Anti-Obama otherists have wrapped themselves in the flag of American exceptionalism, contending that Obama is different because he doesn't believe that the United States is special and superior to other nations. Last summer, former Arkansas Gov. Mike Huckabee, who at the time was mulling a bid for the GOP's 2012 presidential nomination, told Politico that Obama's "worldview is dramatically different than any president, Republican or Democrat, we've had… He grew up more as a globalist than an American. To deny American exceptionalism is in essence to deny the heart and soul of this nation." (In March, Huckabee, à la Gingrich, claimed, wrongly, that Obama had grown up in Kenya and had thus absorbed an anti-colonialist sentiment that prompted him to have a "very different view" of the British than "the average American.") In November, former GOP Sen. Rick Santorum, another 2012 wannabe, told College Republicans at American University, "America is exceptional, and Americans are concerned that there are a group of people in Washington who don't believe that any more."
This is exactly why I've been saying Birtherism is pure and simple dog-whistle racism. Corn's "Otherism" is just the next stage in evolution of this concept, what the polite circles of the GOP use to describe Obama as "fundamentally not like the rest of us." And yet, it's far more than that. Otherism has been used against Democrats for decades now, against Clinton (he's not like us, he's poor trash from the Ozarks), Gore (he's not like us, he's an elitist hippie tree hugger), Kerry (he's not like us, he's a rich snob who played at being a war hero) and of course these days, against Obama. Republicans have always pulled crap like this because it works.

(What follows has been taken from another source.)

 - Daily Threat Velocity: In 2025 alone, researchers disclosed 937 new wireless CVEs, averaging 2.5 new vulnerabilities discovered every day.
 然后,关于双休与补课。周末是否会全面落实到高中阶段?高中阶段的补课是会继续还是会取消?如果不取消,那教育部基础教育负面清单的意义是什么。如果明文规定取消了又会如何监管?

But with Obama, the element of race gives it a whole new dimension.
The key audience for otherists, though, is not the general public. Obama, according to the polls, remains popular, even when voters disapprove of his policies or his handling of key matters. But many tea partiers and other conservatives do view Obama as an interloper and harbor deep fears about him and his agenda. GOP presidential contenders and party leaders need to appeal to these sentiments, and some, no doubt, seek to exploit them. Otherism offers a way to do so.

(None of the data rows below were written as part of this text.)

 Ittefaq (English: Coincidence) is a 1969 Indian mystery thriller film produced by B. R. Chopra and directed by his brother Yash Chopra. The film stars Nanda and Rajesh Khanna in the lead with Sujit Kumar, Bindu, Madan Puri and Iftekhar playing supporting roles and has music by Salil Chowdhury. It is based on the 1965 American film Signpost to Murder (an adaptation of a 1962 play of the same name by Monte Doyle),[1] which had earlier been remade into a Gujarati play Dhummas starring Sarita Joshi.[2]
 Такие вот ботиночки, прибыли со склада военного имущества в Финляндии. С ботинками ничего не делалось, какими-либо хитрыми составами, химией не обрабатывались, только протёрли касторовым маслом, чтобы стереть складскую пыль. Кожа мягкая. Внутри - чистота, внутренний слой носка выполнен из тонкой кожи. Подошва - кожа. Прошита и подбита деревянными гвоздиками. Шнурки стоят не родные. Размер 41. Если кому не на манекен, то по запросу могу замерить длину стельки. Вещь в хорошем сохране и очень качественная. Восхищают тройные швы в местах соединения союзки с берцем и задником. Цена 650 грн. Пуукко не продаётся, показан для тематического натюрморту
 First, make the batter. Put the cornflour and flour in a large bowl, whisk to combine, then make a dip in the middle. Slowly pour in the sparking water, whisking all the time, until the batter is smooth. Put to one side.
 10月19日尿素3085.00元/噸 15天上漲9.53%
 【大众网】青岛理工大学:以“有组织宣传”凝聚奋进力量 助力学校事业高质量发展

Unlike birtherism, otherism remains quite useful to the Republicans. Not even the adults of the party can resist its ugly temptations.
When you combine otherism with racism, the result is the frenetic, dangerous cottage industry we see today springing up and playing on the fear that our nation's first African-American president may be our nation's last president period. Racism as fear has had a long and ugly political history in this country, but rarely has the disease been this acute.
This is the new Obama Derangement Syndrome...same as it ever was, if you think about it.